1842.—I embarked for England on the 18th of August, on board a small schooner of sixty tons, deeply laden with fish and oil. It is scarcely necessary to observe, that the accommodations the craft afforded were of the meanest kind; but the inconveniences weighed lightly in the scales, when compared with the anticipated delight of visiting one's native land. We had a very fine passage; a steady fair breeze carried us across the broad Atlantic in a fortnight. The green hills of Cornwall came in view on the 1st of September, and I had the satisfaction of treading the soil of England early on the 3d.

I remained a few days at Plymouth, to feast my eyes on scenery such as I had long been a stranger to;—scenery, I may say, unrivalled by any I had ever beheld at home or abroad. What spot in the world, in fact, can present such varied charms, as the summit of Mount Edgecumb? where the most refined taste, aided by the amplest means, has been employed for a thousand years in beautifying the glorious landscape. To me, just arrived from Ungava, the beauties of the scene were undoubtedly heightened by the contrast; and one short visit to Mount Edgecumb effaced from my mind the dreary prospect of bleak rocks, snow banks, and icebergs, with which it had been so long and so sadly familiar, and inspired it with a rapture and delight to which it had long been a stranger. Yet this terrestrial paradise, I am informed, belongs to a noble lord, who is a miserable invalid. Alas, for poor humanity! neither wealth nor grandeur preserve their possessors from the ills that flesh is heir to: and this nobleman may, perhaps, envy the lot of the humblest individual that visits his enchanting domain.

Bidding adieu to Plymouth, and its delightful environs, I set out for London on the 11th of September. The desire of home, however, now urged me forward; so that even the wonders of this wonderful city could not detain me. Passing over the uninteresting incidents of steamboat and railroad travelling, I arrived on the 20th of September at the spot from which I had started twenty-three years before. The meeting of a mother with an only son, after so long an absence, need not be described, nor the feelings the well-known scenes of youthful sports and youthful joys gave rise to. These scenes were still the same, as far as the hand of Nature was concerned:—there stood the lofty Benmore, casting his sombre shades over the glassy surface of Lochba, as in the days of yore; there were also the same heath-covered hills and wooded dells, well stocked with sheep and cattle; but the human inhabitants of the woods and dells—where were they?—far distant from their much-loved native land in the wilds of America, or toiling for a miserable existence in the crowded cities of the Lowlands,—a sad change!
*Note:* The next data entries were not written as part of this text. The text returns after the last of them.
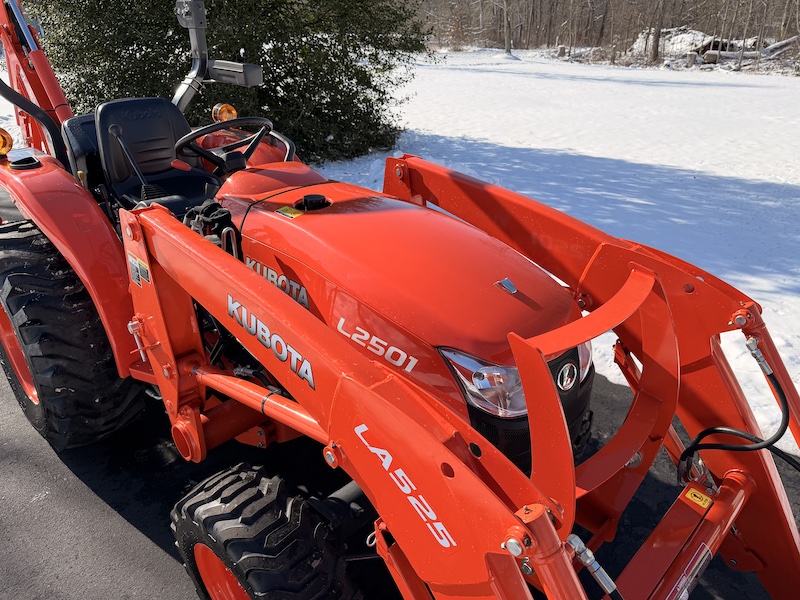 Sharp, one-owner, like new Kubota L2501 TLB package. Everything runs and operates great. No issues, no leaks. All original paint, shines perfectly and was garage kept out of the weather. Perfect size tractor for homeowners with larger properties and bigger jobs to get done. Compare to a new L2502 equipped this way would list for almost $40k. Heres a low hour used machine with thousands in savings over new and still in like new condition.
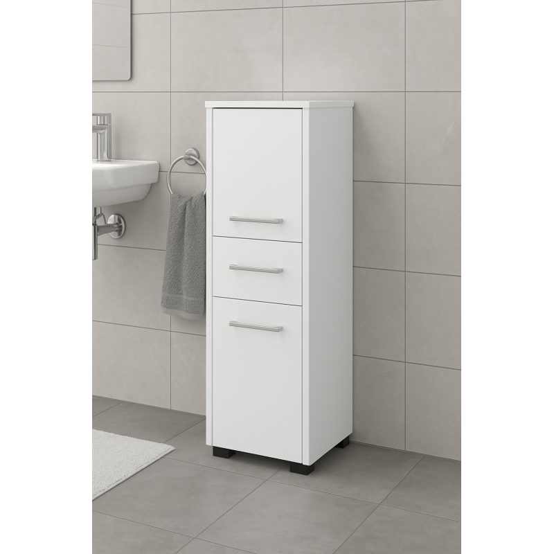 Scurta descriere: Dulapiorul de baie FIN este o solutie practica pentru organizarea eficienta a spatiului. Cu doua usi, un sertar si trei polite interioare, ofera loc suficient pentru depozitarea prosoapelor, cosmeticelor si accesoriilor de baie. Realizat din PAL laminat rezistent la uzura, cu margini protejate prin banda ABS, dulapiorul are un finisaj alb mat elegant si poate fi montat atat suspendat, cat si asezat pe podea.
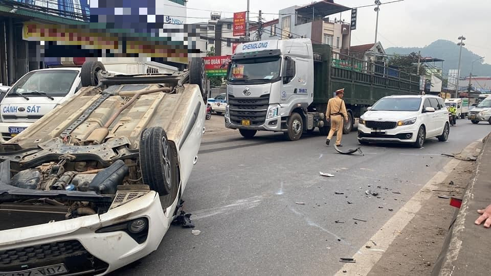 Cao tốc Thái Nguyên - Bắc Kạn: Xe ô tô sang đường ẩu, lật ngửa bụng giữa đường sau va chạm
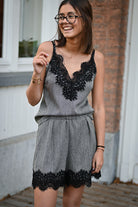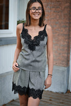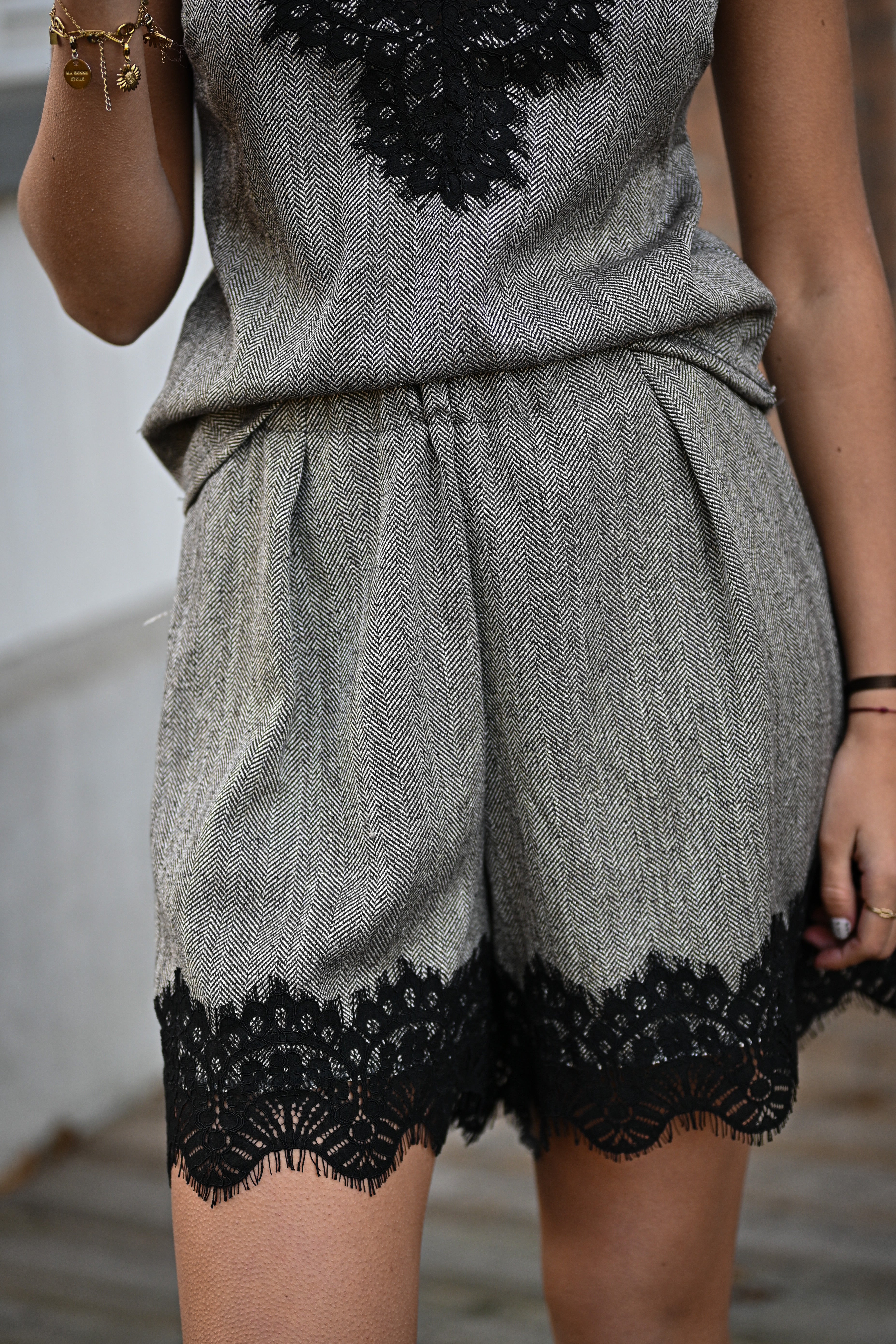 Découvrez le Short ESMEE, l'allié de votre garde-robe. Son élégant motif pied de poule associé à une délicate dentelle en bas crée une silhouette raffinée. Ceinture élastiquée pour un port sans effort, disponible en taille unique.
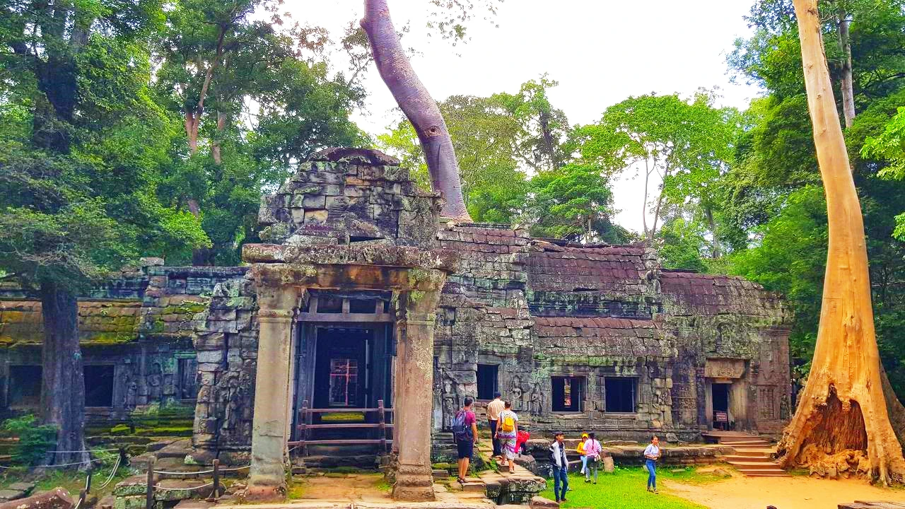 안젤리나 졸리의 영화 '툼레이더'로 더 유명해진 따프롬 사원. 앙코르 유적 중 가장 기억에 남는 곳이 어디냐고 물으면 의외로 따프롬 사원이라고 말하는 사람이 많다. 무엇이 그렇게 강한 인상을 준 걸까? 아마도 폐허의 이미지가 너무나 강열했기 때문이리라. 그 폐허의 주범은 스펑나무다. 따프롬 사원은 프랑스보호국 시절 앙코르 유적 복원계획을 세우며 스펑나무에 의해 붕괴되는 사원의 실제를 연구하며 한 곳은 그대로 두기로 했는데 그 사원이 따프롬 사원이다.
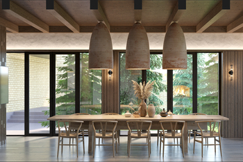 Інтер’єр будинку виконаний у сучасному стилі з теплим, природним настроєм.

The bleating of sheep, and lowing of cattle, for the glad voices of a numerous population, happy and contented with their lot, loyal to their sovereign, and devotedly attached to their chiefs! But loyalty and attachment are but fancies, which, in these utilitarian and trading days, are flat and unprofitable; yet the aristocratical manufacturers of beef and mutton may live to feel the truth of the lines of Goldsmith:—

"But a bold peasantry, their country's pride,

When once destroyed, can never be supplied."
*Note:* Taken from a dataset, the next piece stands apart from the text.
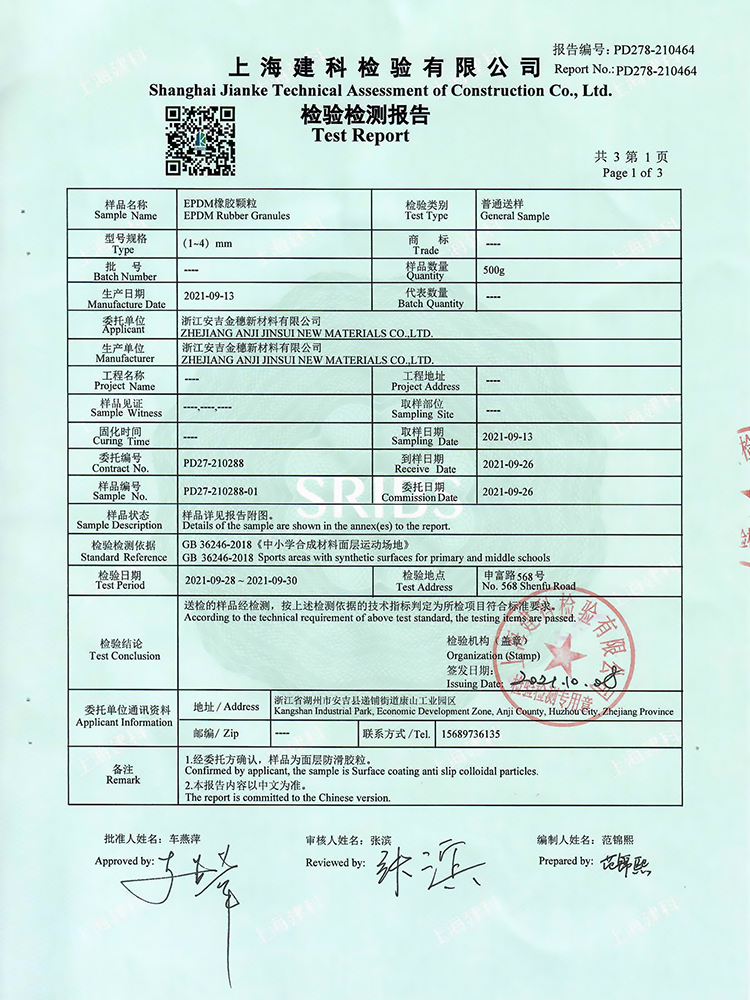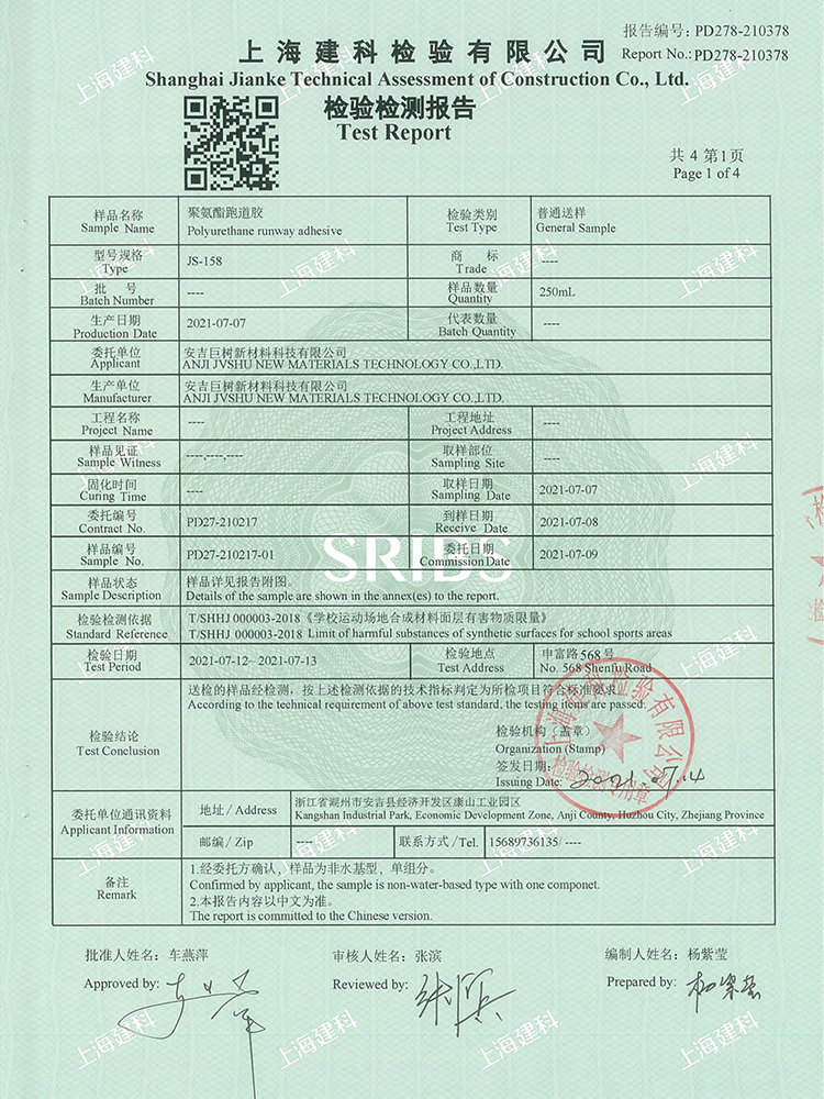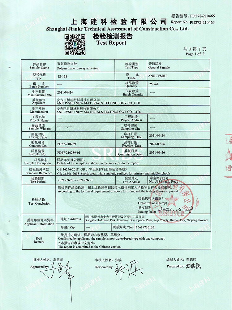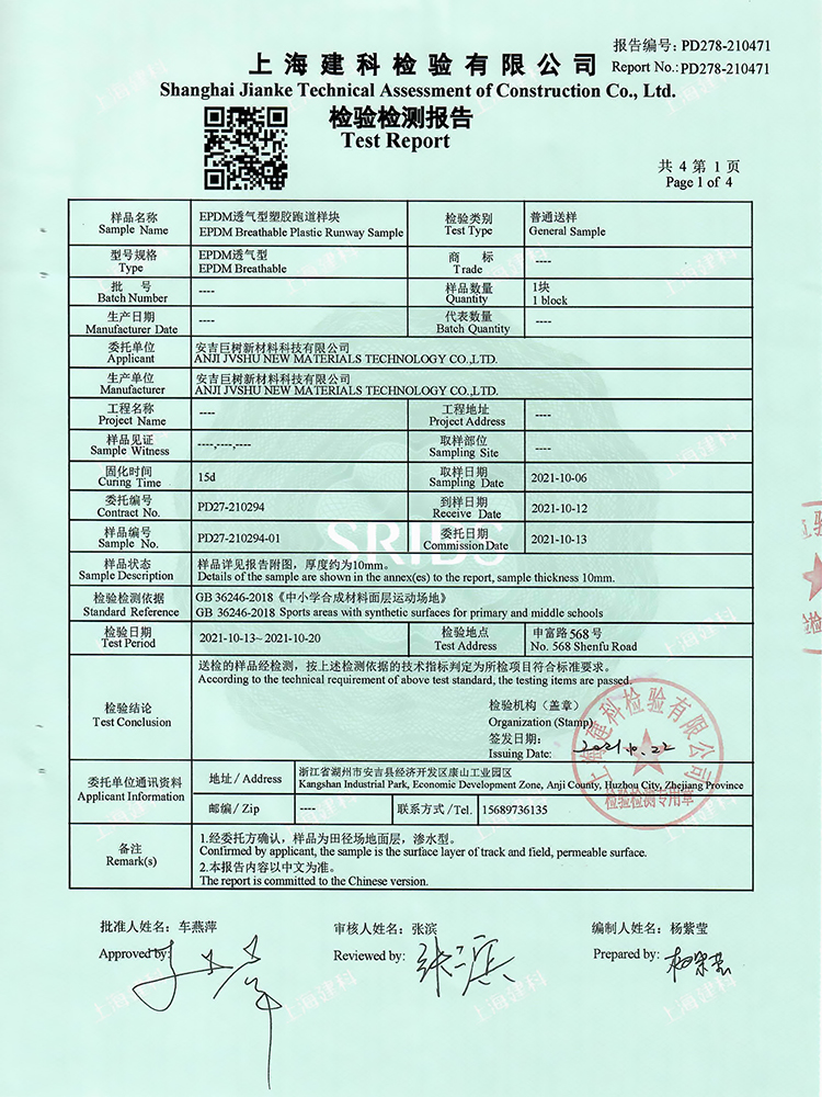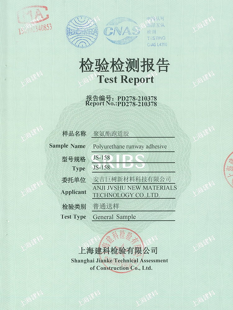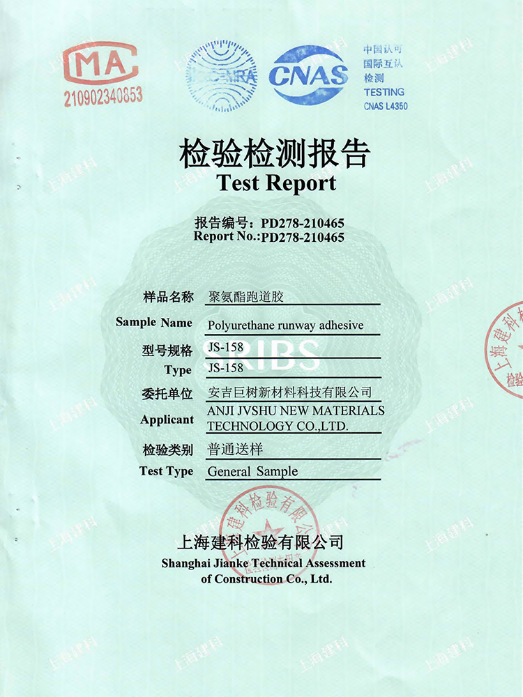 跑道膠新國標檢測報告合格

I remained about six weeks in my native country, and set out for London, where I arrived early in November,—"the beginning of the gay season;" but it appeared to me the reverse. The city was shrouded in a cloud of condensed smoke and fog, that shut out the light of heaven. During three whole days the obscurity was so great that the steamboats were prevented from plying on the Thames, and the gas-lights were seen glimmering through the windows at noon-day. How applicable is the description of the Roman historian to the Rome of our day:—"Caput orbis terrarum, urbis magnificentiam augebant fora, templa, porticas, aquæductus, theatra, horti denique, et ejus generis alia, ad quæ vel lecta animus stupet." My time was too limited, however, and the weather too unfavourable, to admit of my seeing all the "lions;" but who would think of leaving London without visiting that wonderful work—the Tunnel,—that lasting monument of the genius of a Brunell, and of the wealth and enterprise of British merchants!